Information |
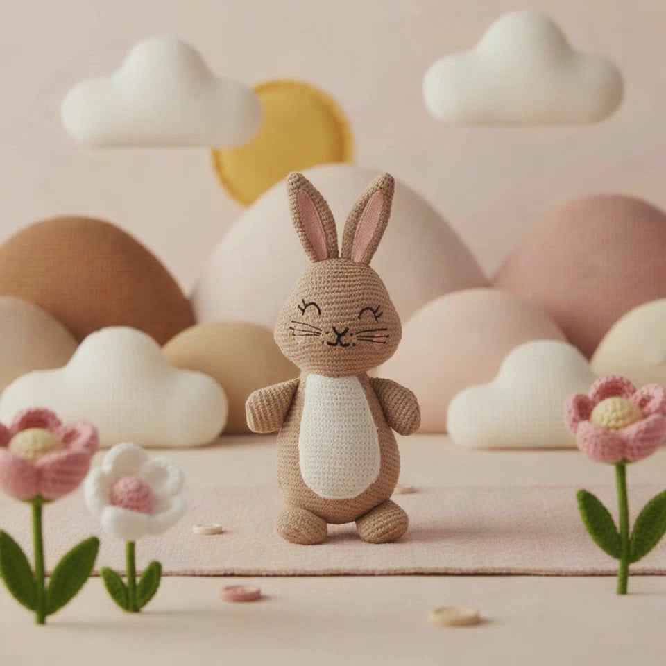 Rosie the Bunny Plush is a Brown cuddle companion made from cosy knitted fabric. With charming cheeks, ears, and fully stitched facial details, she's perfect for little ones, ensuring safety for babies. Rosie's gentle, textured design makes her a lovable friend for snuggles and playtime adventures.
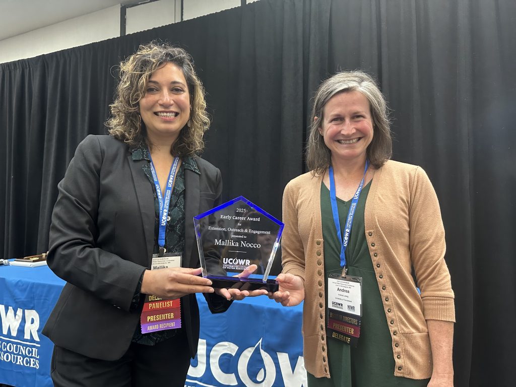 Mallika Nocco, assistant professor and extension specialist in the Department of Biological Systems Engineering, was selected to receive the 2025 Early Career Award for Extension/Outreach/Engagement from the University Council on Water Resources (UCOWR). She accepted the award during a recognition ceremony at UCOWR’s annual conference on June 4.
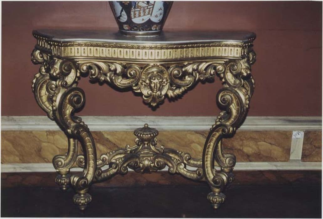Table-console d'appui enbois sculpté et doré, à plateau de marbre.
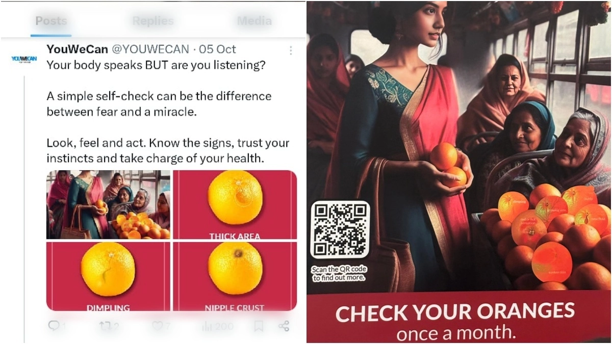 How will a country raise Breast Cancer Awareness is we can’t even call breasts what they are. Saw this at Delhi Metro and like what the hell? Check your oranges? Who makes these campaigns, who approves them? Are we governed by such dumb people that they let this poster become… pic.twitter.com/YAZ5WYSxXf
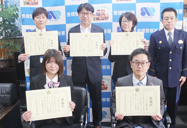 詐欺被害を防いだとして、豊橋署は28日、豊橋市内の金融機関2支店と職員、コンビニエンスストアに感謝状を贈った。清永芳弘署長が「皆さまは最後のとりで。全国で被害が多発しており、引き続き協力お願いしたい」と功労をたたえた。
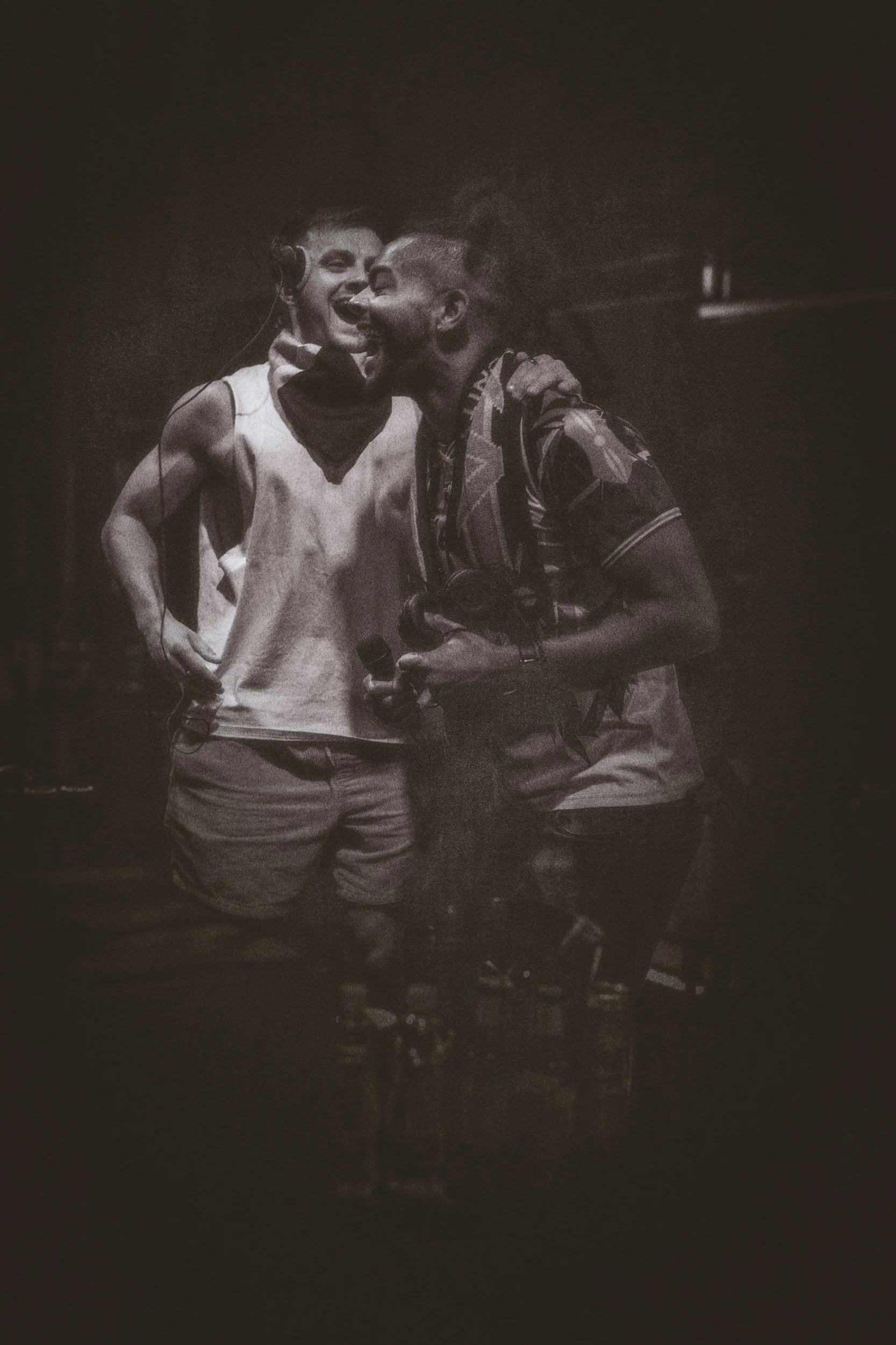 Two performers at a DJ setup with a laptop and sound equipment, one wearing headphones, the other with a microphone, in a dimly lit venue with colorful lighting. View fullsize
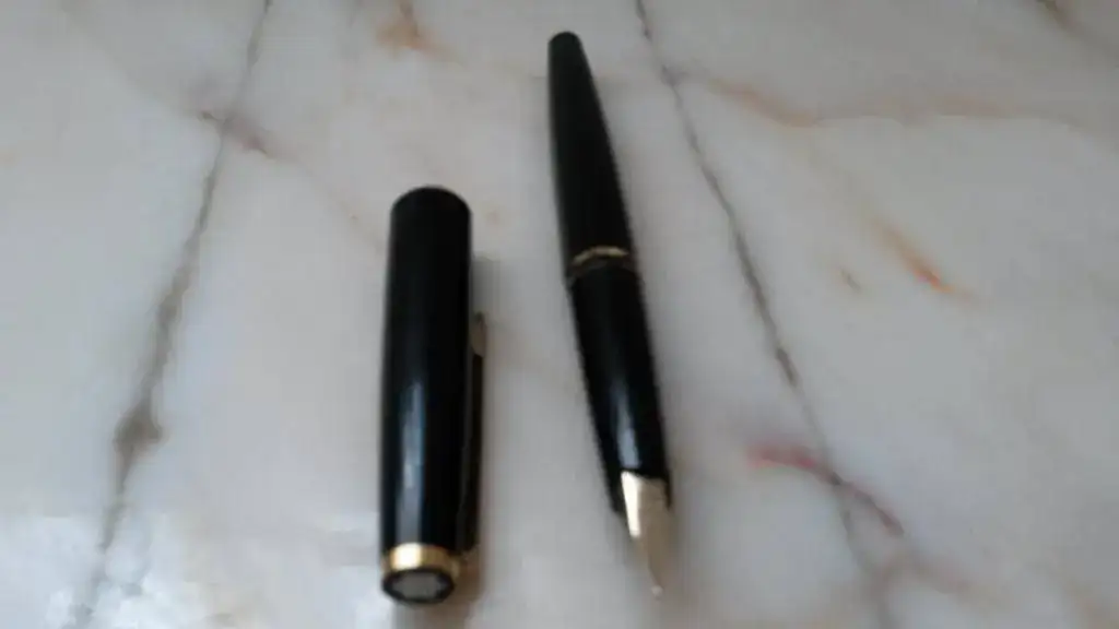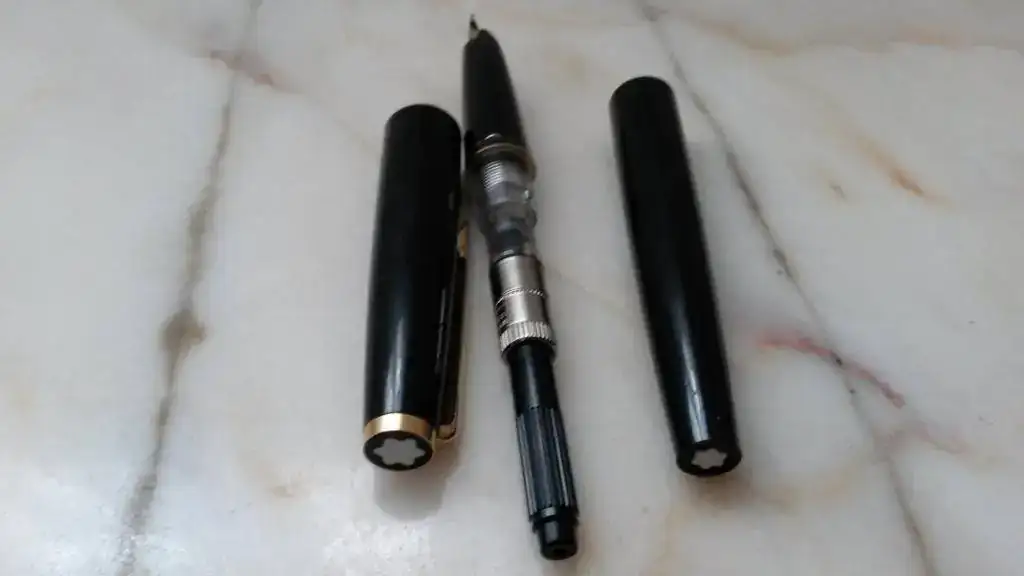 La pluma parece ser una M.B. 221. Fue un regalo, la cargué la usé para ver como era eso de escribir con pluma estilográfica y tras limpiarla la guardé y desde entonces (unos 30 años) duerme el sueño de los justos en un cajón. Está en perfecto estado (a pesar de las malas fotos) y viene en su caja original. Si fuera un reloj lo calificaría de NOS.
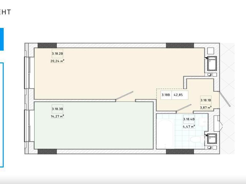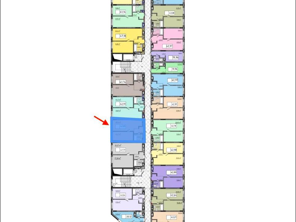 Площа — 42.85 м²
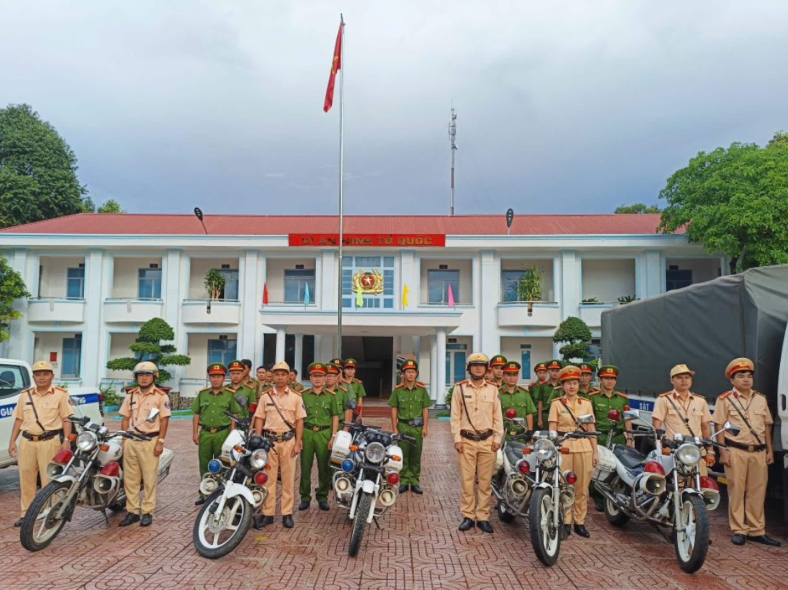 Cán bộ, chiến sỹ công an huyện Đồng Phú chuẩn bị lên đường thực hiện nhiệm vụ bảo đảm ATGT trên địa bàn
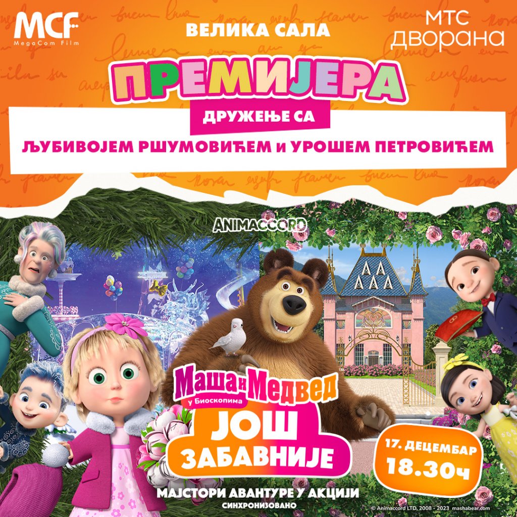 PREMIJERA JEDNE OD NAJOMILjENIJIH ANIMIRANIH PRIČA „MAŠA I MEDVED: JOŠ ZABAVNIJE“ 17. decembra u MTS dvorani
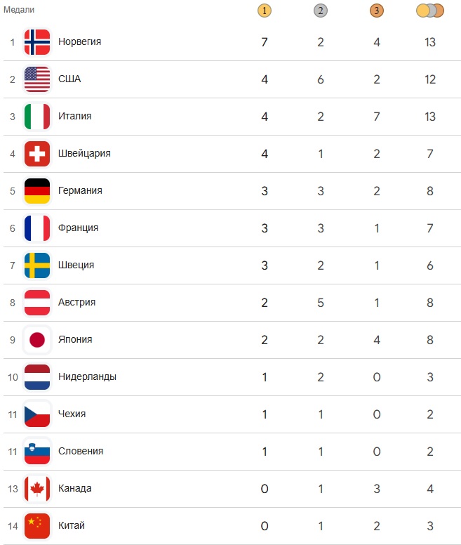 Вот таким получился этот день, уже пятый на Олимпийских играх — 2026. Вот медальный зачет на данный момент. Увидимся завтра.

Exercise |
Precisely those lines above that run from the line with "詐欺被害を防いだとして、豊橋" up to and including the line with "Two performers at" are to be set down, with the pictures omitted.

Exercise response |
 詐欺被害を防いだとして、豊橋署は28日、豊橋市内の金融機関2支店と職員、コンビニエンスストアに感謝状を贈った。清永芳弘署長が「皆さまは最後のとりで。全国で被害が多発しており、引き続き協力お願いしたい」と功労をたたえた。
 Two performers at a DJ setup with a laptop and sound equipment, one wearing headphones, the other with a microphone, in a dimly lit venue with colorful lighting. View fullsize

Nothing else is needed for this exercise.